- **The task**:
Each image should be skipped while the records are restated word for word.

- **Available records**:
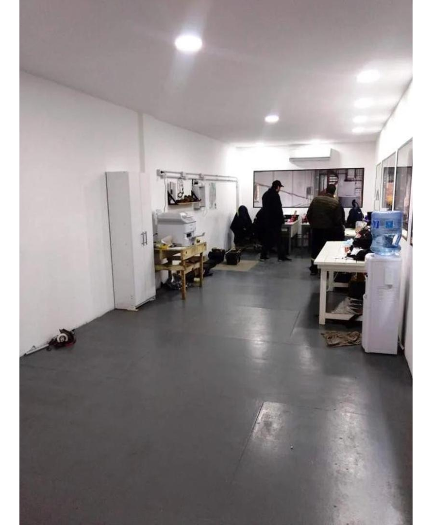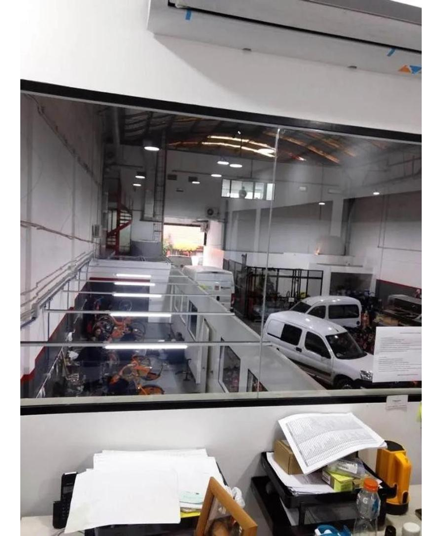 Galpón: Ocupando toda la superficie restante del lote (980 m2), techo parabólico, sin columnas, altura máxima 10,20 m, altura mínima libre 5,00 m, portón para camiones de 7,00 m de ancho (actualmente 4,00 m) y 5,00 m de altura, sector de carga y descarga independiente, piso reforzado de H A para grandes cargas, baños, vestuarios, duchas para personal de planta de ambos sexo, luz y ventilación natural. Deposito independiente para materiales sensibles de 110 m2, taller de 80 m2, dos oficinas técnicas, comedor para personal en entrepiso de 22 m2, sistema contra incendios con tanque elevado de 24.500 l, 12.000 l de reserva exclusiva, tanque de bombeo de 6.000 l con 2 electrobombas, boca de impulsión simple, 4 llaves de incendio con mangas de 20 m y lanzas y cortina de agua de 9 rociadores.
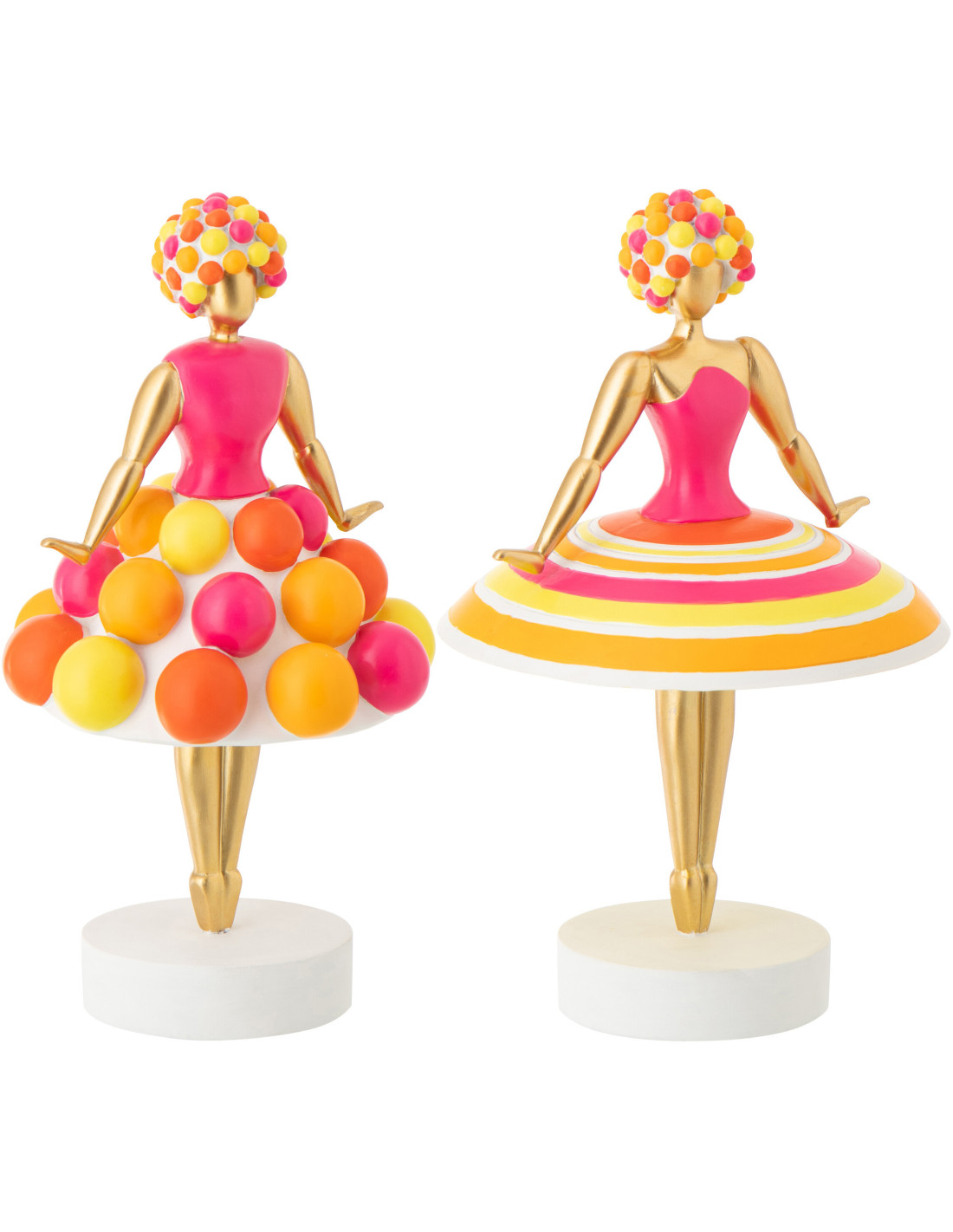 Lot de 2 Grandes Statuettes déco design Baleines H 35 cm Poudre de chaux Rose Orange Jaune Doré Dansiana
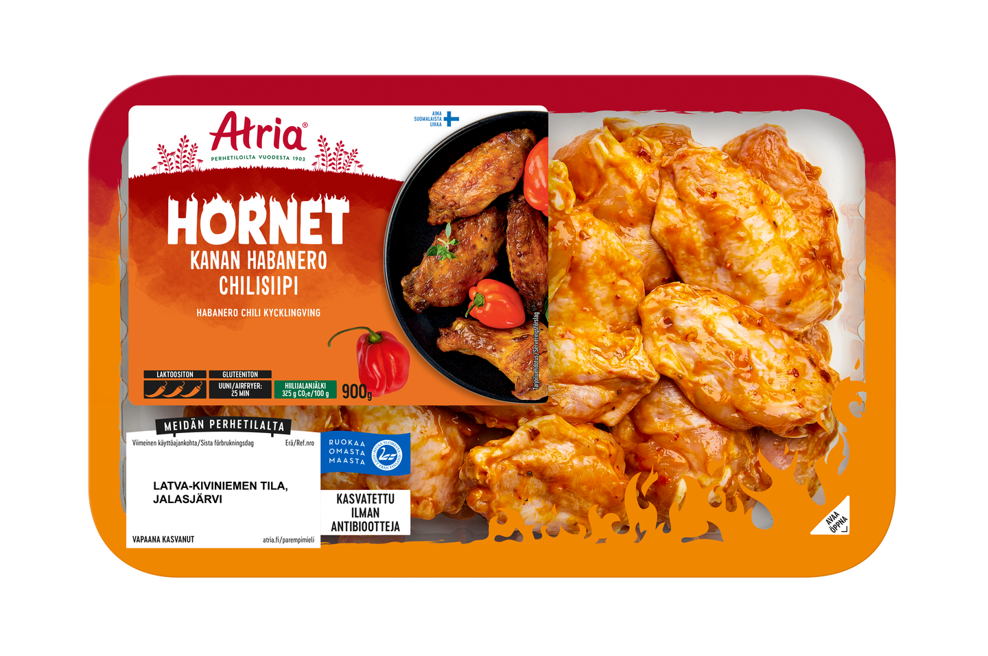 Atria Kana Hornet habanero-marinoidut siivet ovat herkullista ja helppoa sormiruokaa. Atria Hornet kanansiivet ovat suomalaista kanaa. Siipien kanssa maistuvan kokonaisuuden luo pilkotut kasvikset, kuten porkkanat, paprikat, kurkut tai varsisellerit. Lisäksi voit tehdä niin kanansiiville, kuin kasviksille oman dipin täydentämään jo herkullista makumaailmaa. Ota siivet huoneenlämpöön ½ tuntia ennen kypsentämistä. Levitä siivet tasaisesti uunipellille leivinpaperin päälle ja paista 250°C tasalämpöuunissa n. 25 min, kunnes sisälämpötila on 75°C. Siivistä saa mukavan rapeita pinnasta, kun ne asettelee uunipellille hieman erilleen toisistaan.Näin siivet myös kypsyvät tasaisemmin. Antibioottivapaa-merkintä pakkauksessa kertoo, että eläimet eivät ole tarvinneet ainuttakaan antibioottikuuria elämänsä aikana.
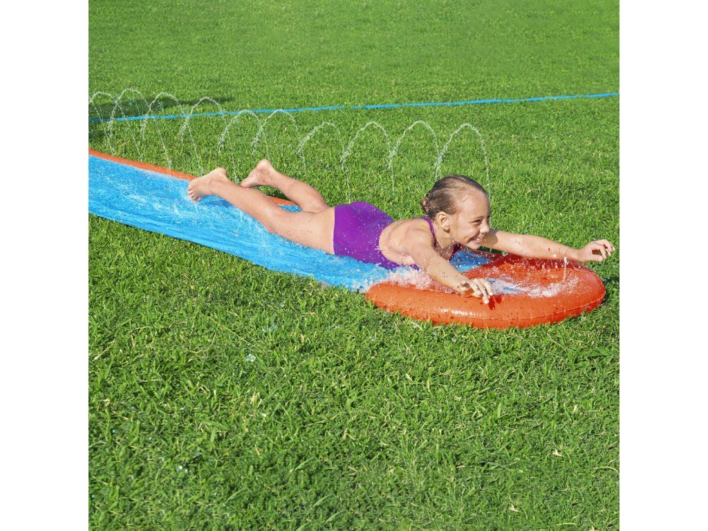 Vodní klouzačka H2OGO! je skvělá zábava na zahradě. Dítě se může klouzat střídavě se svými sourozenci a kamarády. Stačí připojit zahradní hadici ke skluzavce a užít si zábavu. Vestavěné sprinklery vytvářejí kaskádový efekt a udržují povrch dráhy kluzký. Určeno pro děti starší 3 let. Sada obsahuje také opravnou záplatu.Technické parametry:
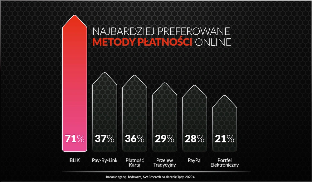 Olbrzymie znaczenie dla rozwoju biznesu online ma udostępnienie popularnych sposobów płatności. Pozwala to zwiększyć poziom satysfakcji i zadowolenia klientów oraz szybko i wygodnie zakończyć zakupy. Tą najbardziej lubianą i preferowaną przez Polaków formą rozliczenia w e-commerce jest BLIK. Według badania SW Research przeprowadzonego na zlecenie Tpay, wybiera go aż 71 proc. ankietowanych. Tym samym BLIK zdecydowanie wyprzedza w rankingu preferencji Polaków szybkie przelewy (37 proc.) oraz karty (36 proc).
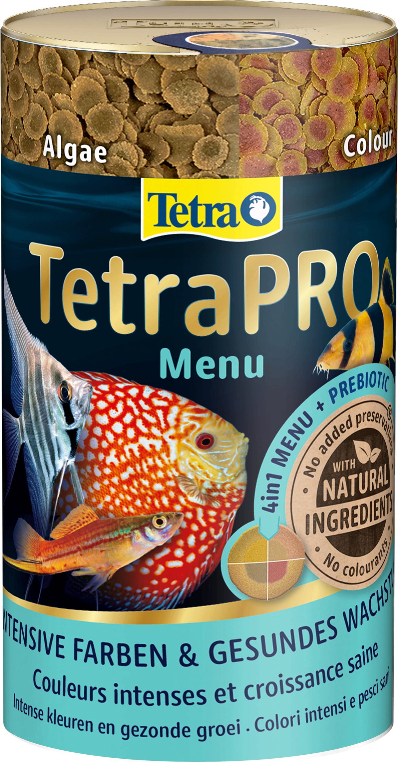 Pro Menu je prémiové krmivo pozostávajúce zo 4 rôznych druhov lupienkov v jednom balení pre všetky okrasné ryby v sladkovodných akváriách.
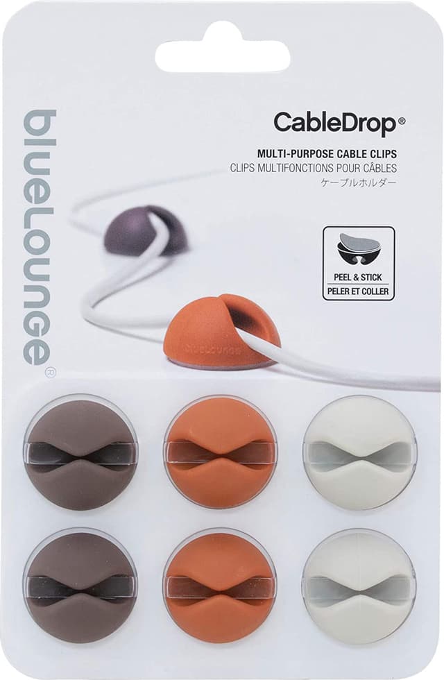BlueLounge CableDrop kabelholdere CD-MT holder vaiere, kabler og ledninger på plass akkurat der du vil ha dem. Kabelholderne er lette å montere takket være deres klebende bakside, og de kan festes på alle overflater.Les mer om produktet

- **Task answer**:
 Galpón: Ocupando toda la superficie restante del lote (980 m2), techo parabólico, sin columnas, altura máxima 10,20 m, altura mínima libre 5,00 m, portón para camiones de 7,00 m de ancho (actualmente 4,00 m) y 5,00 m de altura, sector de carga y descarga independiente, piso reforzado de H A para grandes cargas, baños, vestuarios, duchas para personal de planta de ambos sexo, luz y ventilación natural. Deposito independiente para materiales sensibles de 110 m2, taller de 80 m2, dos oficinas técnicas, comedor para personal en entrepiso de 22 m2, sistema contra incendios con tanque elevado de 24.500 l, 12.000 l de reserva exclusiva, tanque de bombeo de 6.000 l con 2 electrobombas, boca de impulsión simple, 4 llaves de incendio con mangas de 20 m y lanzas y cortina de agua de 9 rociadores.
 Lot de 2 Grandes Statuettes déco design Baleines H 35 cm Poudre de chaux Rose Orange Jaune Doré Dansiana
 Atria Kana Hornet habanero-marinoidut siivet ovat herkullista ja helppoa sormiruokaa. Atria Hornet kanansiivet ovat suomalaista kanaa. Siipien kanssa maistuvan kokonaisuuden luo pilkotut kasvikset, kuten porkkanat, paprikat, kurkut tai varsisellerit. Lisäksi voit tehdä niin kanansiiville, kuin kasviksille oman dipin täydentämään jo herkullista makumaailmaa. Ota siivet huoneenlämpöön ½ tuntia ennen kypsentämistä. Levitä siivet tasaisesti uunipellille leivinpaperin päälle ja paista 250°C tasalämpöuunissa n. 25 min, kunnes sisälämpötila on 75°C. Siivistä saa mukavan rapeita pinnasta, kun ne asettelee uunipellille hieman erilleen toisistaan.Näin siivet myös kypsyvät tasaisemmin. Antibioottivapaa-merkintä pakkauksessa kertoo, että eläimet eivät ole tarvinneet ainuttakaan antibioottikuuria elämänsä aikana.
 Vodní klouzačka H2OGO! je skvělá zábava na zahradě. Dítě se může klouzat střídavě se svými sourozenci a kamarády. Stačí připojit zahradní hadici ke skluzavce a užít si zábavu. Vestavěné sprinklery vytvářejí kaskádový efekt a udržují povrch dráhy kluzký. Určeno pro děti starší 3 let. Sada obsahuje také opravnou záplatu.Technické parametry:
 Olbrzymie znaczenie dla rozwoju biznesu online ma udostępnienie popularnych sposobów płatności. Pozwala to zwiększyć poziom satysfakcji i zadowolenia klientów oraz szybko i wygodnie zakończyć zakupy. Tą najbardziej lubianą i preferowaną przez Polaków formą rozliczenia w e-commerce jest BLIK. Według badania SW Research przeprowadzonego na zlecenie Tpay, wybiera go aż 71 proc. ankietowanych. Tym samym BLIK zdecydowanie wyprzedza w rankingu preferencji Polaków szybkie przelewy (37 proc.) oraz karty (36 proc).
 Pro Menu je prémiové krmivo pozostávajúce zo 4 rôznych druhov lupienkov v jednom balení pre všetky okrasné ryby v sladkovodných akváriách.
BlueLounge CableDrop kabelholdere CD-MT holder vaiere, kabler og ledninger på plass akkurat der du vil ha dem. Kabelholderne er lette å montere takket være deres klebende bakside, og de kan festes på alle overflater.Les mer om produktet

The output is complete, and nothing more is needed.